From the line containing "陕西省汉中市普通高中联盟2024届高三上学期期中联考英语" down to the line containing "gelöteter zweigängiger Plattenwärmetauscher", copy out the entries below exactly, both lines included, and nothing else; pictures do not belong in the copy.

EXTRACTED ENTRIES:
--------------------

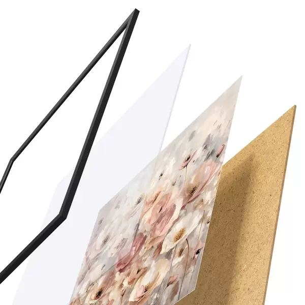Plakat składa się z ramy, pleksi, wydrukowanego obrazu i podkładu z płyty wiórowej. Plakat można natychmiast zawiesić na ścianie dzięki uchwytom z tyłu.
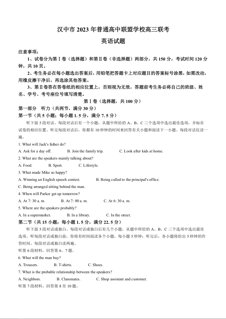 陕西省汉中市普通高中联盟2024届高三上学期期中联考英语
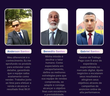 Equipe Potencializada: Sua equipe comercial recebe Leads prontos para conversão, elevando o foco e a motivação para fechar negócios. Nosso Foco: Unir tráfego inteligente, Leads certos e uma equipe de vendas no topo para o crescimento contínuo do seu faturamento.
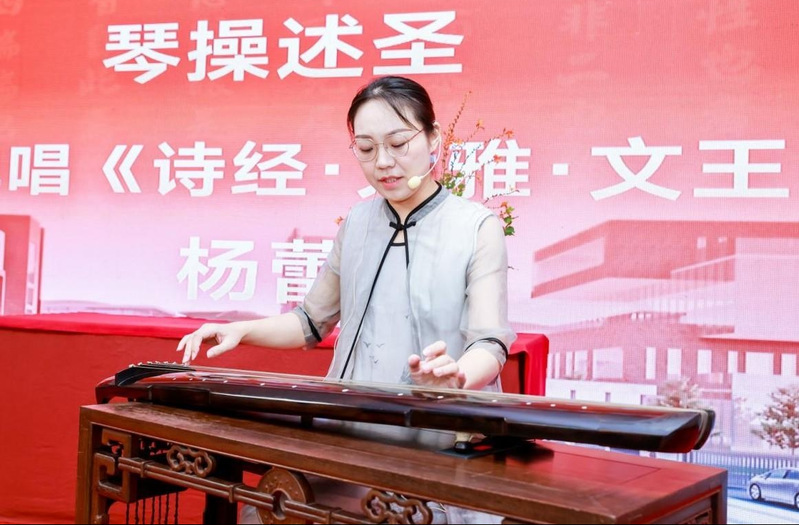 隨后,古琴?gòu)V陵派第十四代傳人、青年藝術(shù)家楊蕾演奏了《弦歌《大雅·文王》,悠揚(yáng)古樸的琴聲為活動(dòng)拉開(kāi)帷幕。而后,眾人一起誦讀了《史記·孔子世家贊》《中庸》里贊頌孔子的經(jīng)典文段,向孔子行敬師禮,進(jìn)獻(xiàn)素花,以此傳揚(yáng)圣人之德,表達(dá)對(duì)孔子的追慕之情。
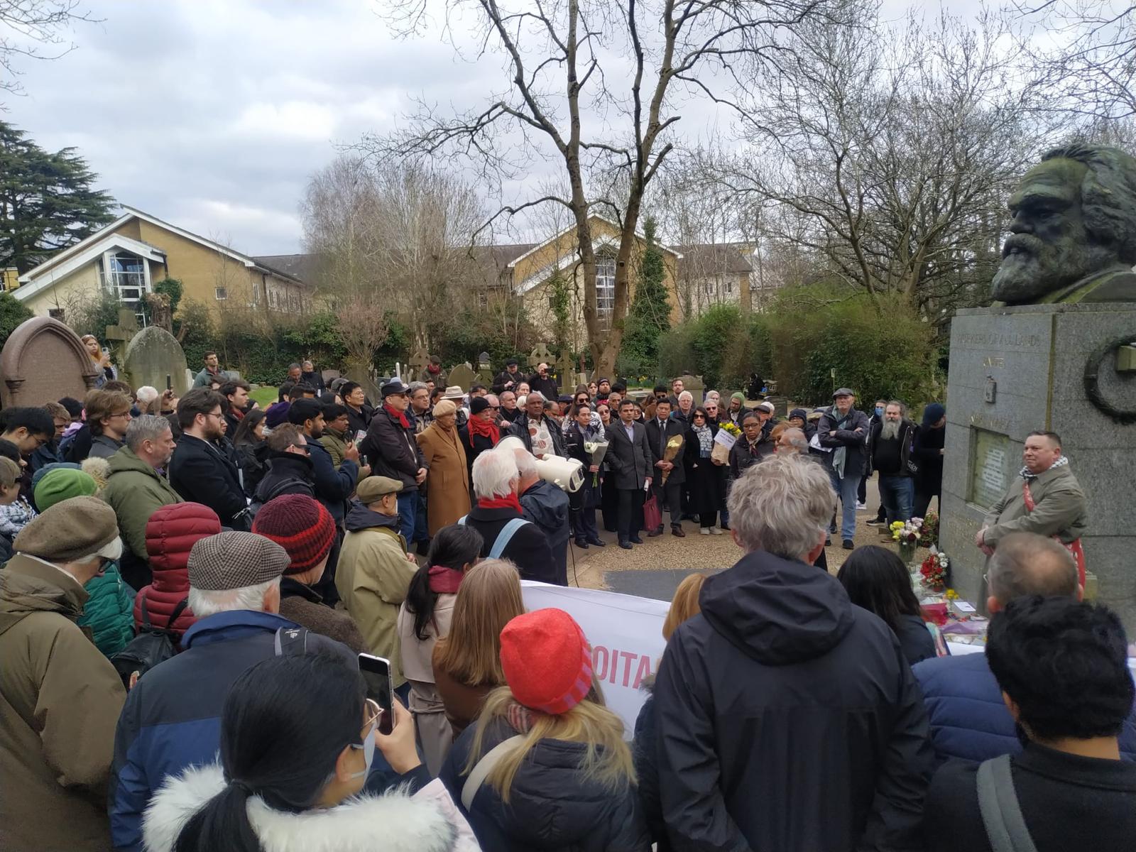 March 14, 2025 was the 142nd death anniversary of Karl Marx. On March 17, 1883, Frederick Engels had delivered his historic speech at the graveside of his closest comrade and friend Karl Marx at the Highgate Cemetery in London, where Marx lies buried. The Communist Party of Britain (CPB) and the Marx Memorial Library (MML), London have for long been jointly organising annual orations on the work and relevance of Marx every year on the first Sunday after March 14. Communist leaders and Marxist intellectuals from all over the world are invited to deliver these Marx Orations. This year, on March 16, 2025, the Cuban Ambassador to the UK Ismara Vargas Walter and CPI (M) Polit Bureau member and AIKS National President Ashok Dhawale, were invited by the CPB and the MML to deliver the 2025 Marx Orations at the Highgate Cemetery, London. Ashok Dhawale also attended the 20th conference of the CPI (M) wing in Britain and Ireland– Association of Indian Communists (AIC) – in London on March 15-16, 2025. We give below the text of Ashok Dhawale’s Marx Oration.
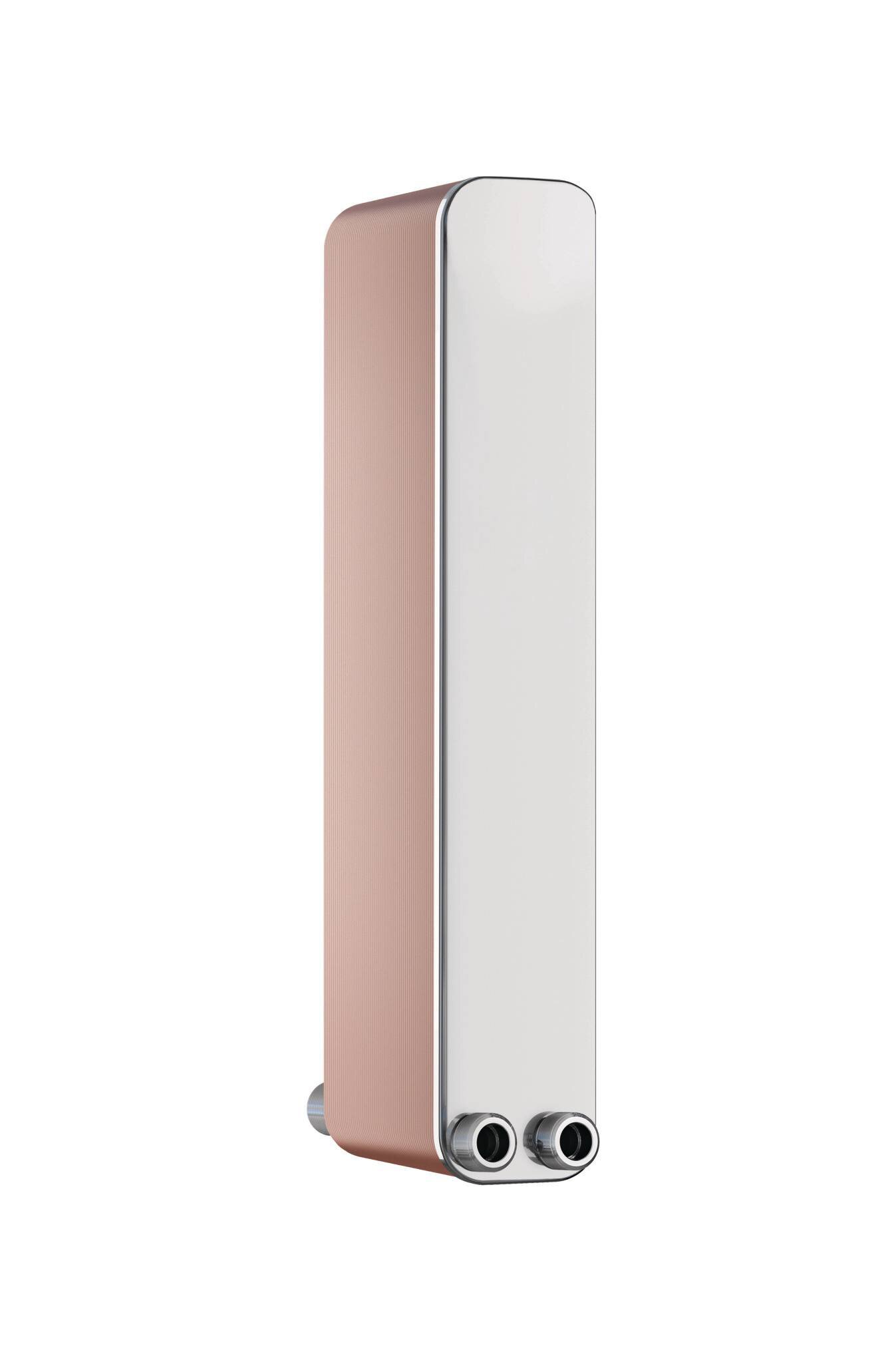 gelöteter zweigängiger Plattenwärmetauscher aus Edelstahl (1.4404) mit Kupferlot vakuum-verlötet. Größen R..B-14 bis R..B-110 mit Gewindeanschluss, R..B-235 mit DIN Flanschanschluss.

--------------------

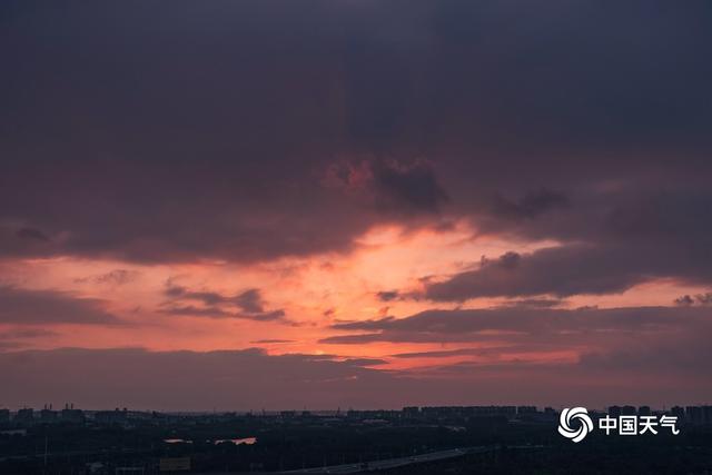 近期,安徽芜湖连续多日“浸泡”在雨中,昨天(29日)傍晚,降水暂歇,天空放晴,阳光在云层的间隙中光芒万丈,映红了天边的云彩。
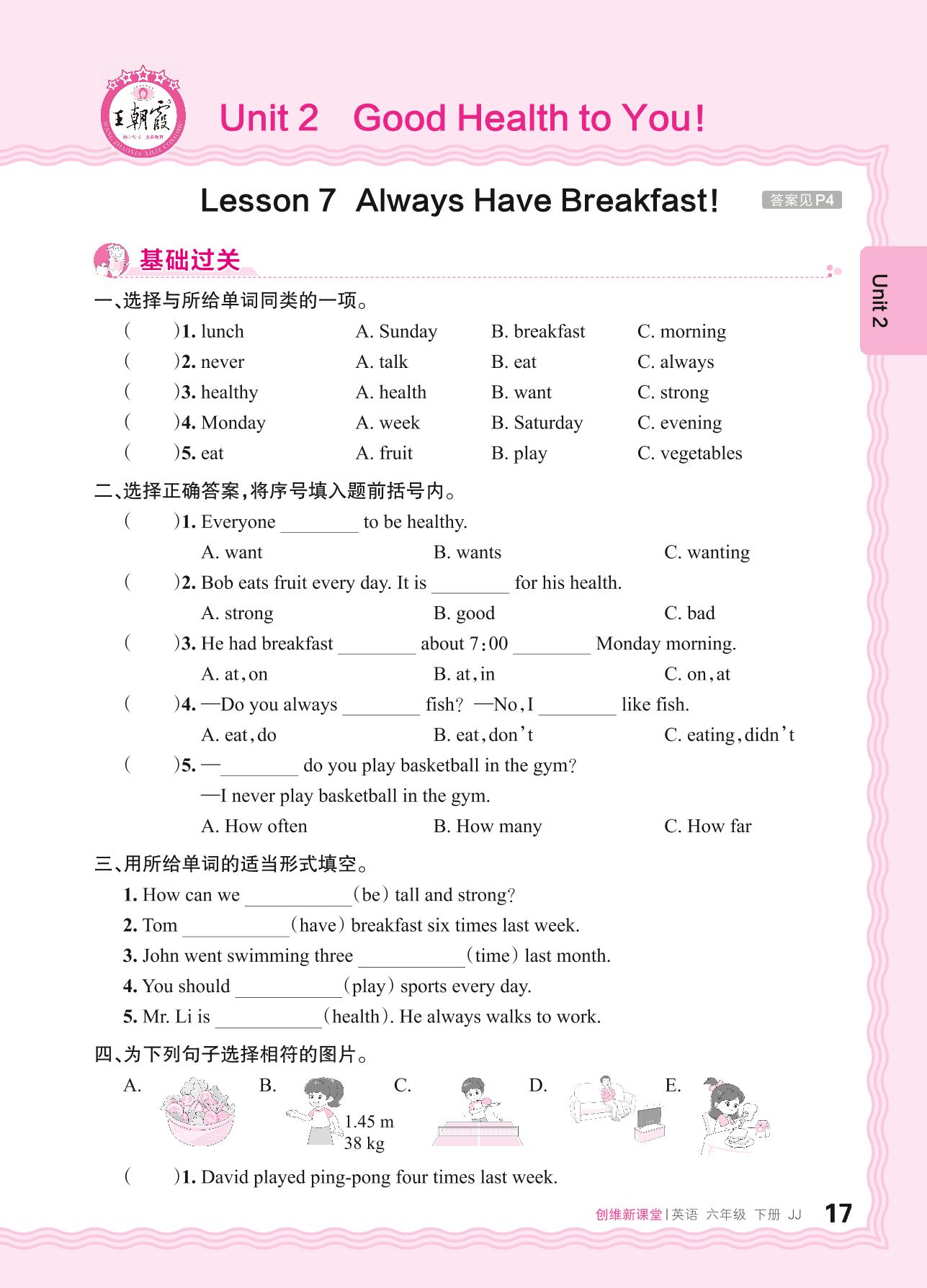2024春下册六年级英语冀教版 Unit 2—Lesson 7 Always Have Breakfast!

--------------------

RESPONSE TO THIS TASK:
 陕西省汉中市普通高中联盟2024届高三上学期期中联考英语
 Equipe Potencializada: Sua equipe comercial recebe Leads prontos para conversão, elevando o foco e a motivação para fechar negócios. Nosso Foco: Unir tráfego inteligente, Leads certos e uma equipe de vendas no topo para o crescimento contínuo do seu faturamento.
 隨后,古琴?gòu)V陵派第十四代傳人、青年藝術(shù)家楊蕾演奏了《弦歌《大雅·文王》,悠揚(yáng)古樸的琴聲為活動(dòng)拉開(kāi)帷幕。而后,眾人一起誦讀了《史記·孔子世家贊》《中庸》里贊頌孔子的經(jīng)典文段,向孔子行敬師禮,進(jìn)獻(xiàn)素花,以此傳揚(yáng)圣人之德,表達(dá)對(duì)孔子的追慕之情。
 March 14, 2025 was the 142nd death anniversary of Karl Marx. On March 17, 1883, Frederick Engels had delivered his historic speech at the graveside of his closest comrade and friend Karl Marx at the Highgate Cemetery in London, where Marx lies buried. The Communist Party of Britain (CPB) and the Marx Memorial Library (MML), London have for long been jointly organising annual orations on the work and relevance of Marx every year on the first Sunday after March 14. Communist leaders and Marxist intellectuals from all over the world are invited to deliver these Marx Orations. This year, on March 16, 2025, the Cuban Ambassador to the UK Ismara Vargas Walter and CPI (M) Polit Bureau member and AIKS National President Ashok Dhawale, were invited by the CPB and the MML to deliver the 2025 Marx Orations at the Highgate Cemetery, London. Ashok Dhawale also attended the 20th conference of the CPI (M) wing in Britain and Ireland– Association of Indian Communists (AIC) – in London on March 15-16, 2025. We give below the text of Ashok Dhawale’s Marx Oration.
 gelöteter zweigängiger Plattenwärmetauscher aus Edelstahl (1.4404) mit Kupferlot vakuum-verlötet. Größen R..B-14 bis R..B-110 mit Gewindeanschluss, R..B-235 mit DIN Flanschanschluss.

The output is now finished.